TASK TO CARRY OUT - Give the listing again character for character, but drop the images.

GIVEN DATA -
--

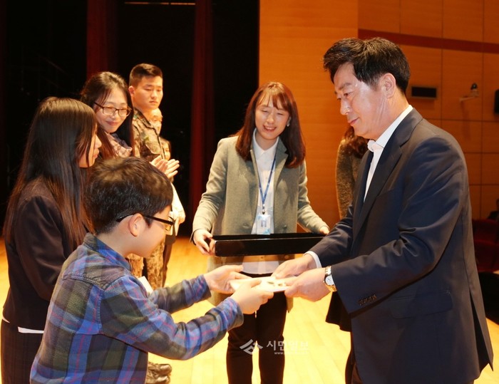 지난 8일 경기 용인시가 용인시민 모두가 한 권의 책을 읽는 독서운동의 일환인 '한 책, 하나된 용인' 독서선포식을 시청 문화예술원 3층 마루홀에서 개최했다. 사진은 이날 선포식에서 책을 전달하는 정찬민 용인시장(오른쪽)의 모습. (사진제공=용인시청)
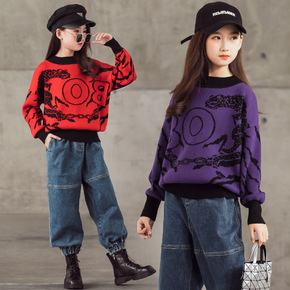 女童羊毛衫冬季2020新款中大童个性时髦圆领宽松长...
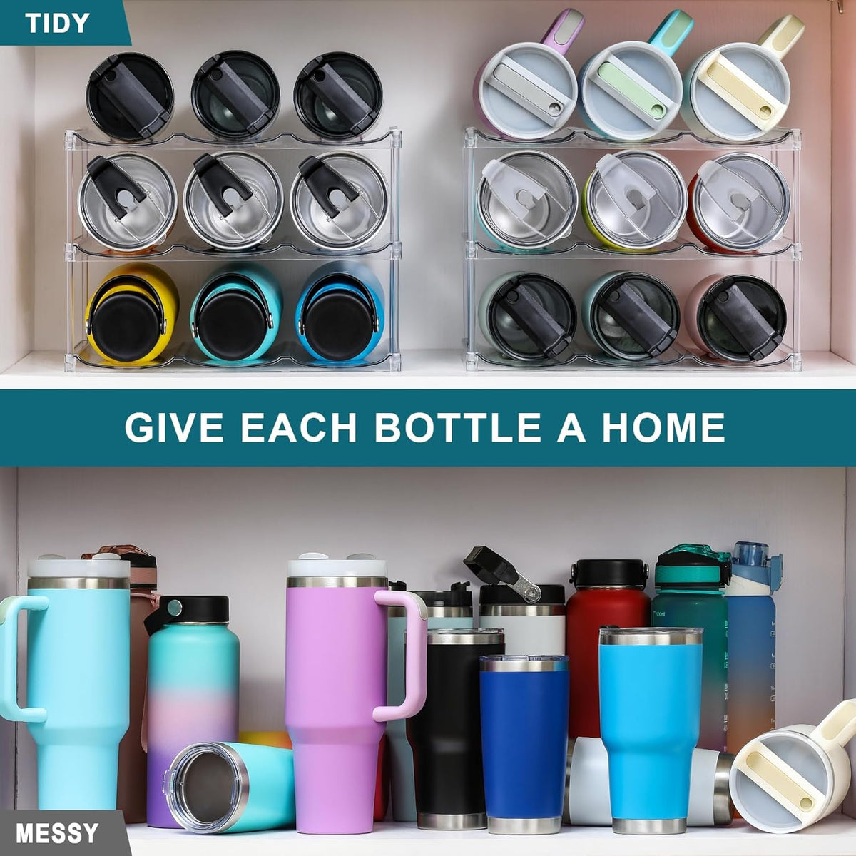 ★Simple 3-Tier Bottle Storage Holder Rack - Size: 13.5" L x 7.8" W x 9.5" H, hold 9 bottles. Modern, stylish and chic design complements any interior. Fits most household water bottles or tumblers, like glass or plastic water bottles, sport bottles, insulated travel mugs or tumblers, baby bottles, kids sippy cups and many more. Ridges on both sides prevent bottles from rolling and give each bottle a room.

--

SOLUTION -
 지난 8일 경기 용인시가 용인시민 모두가 한 권의 책을 읽는 독서운동의 일환인 '한 책, 하나된 용인' 독서선포식을 시청 문화예술원 3층 마루홀에서 개최했다. 사진은 이날 선포식에서 책을 전달하는 정찬민 용인시장(오른쪽)의 모습. (사진제공=용인시청)
 女童羊毛衫冬季2020新款中大童个性时髦圆领宽松长...
 ★Simple 3-Tier Bottle Storage Holder Rack - Size: 13.5" L x 7.8" W x 9.5" H, hold 9 bottles. Modern, stylish and chic design complements any interior. Fits most household water bottles or tumblers, like glass or plastic water bottles, sport bottles, insulated travel mugs or tumblers, baby bottles, kids sippy cups and many more. Ridges on both sides prevent bottles from rolling and give each bottle a room.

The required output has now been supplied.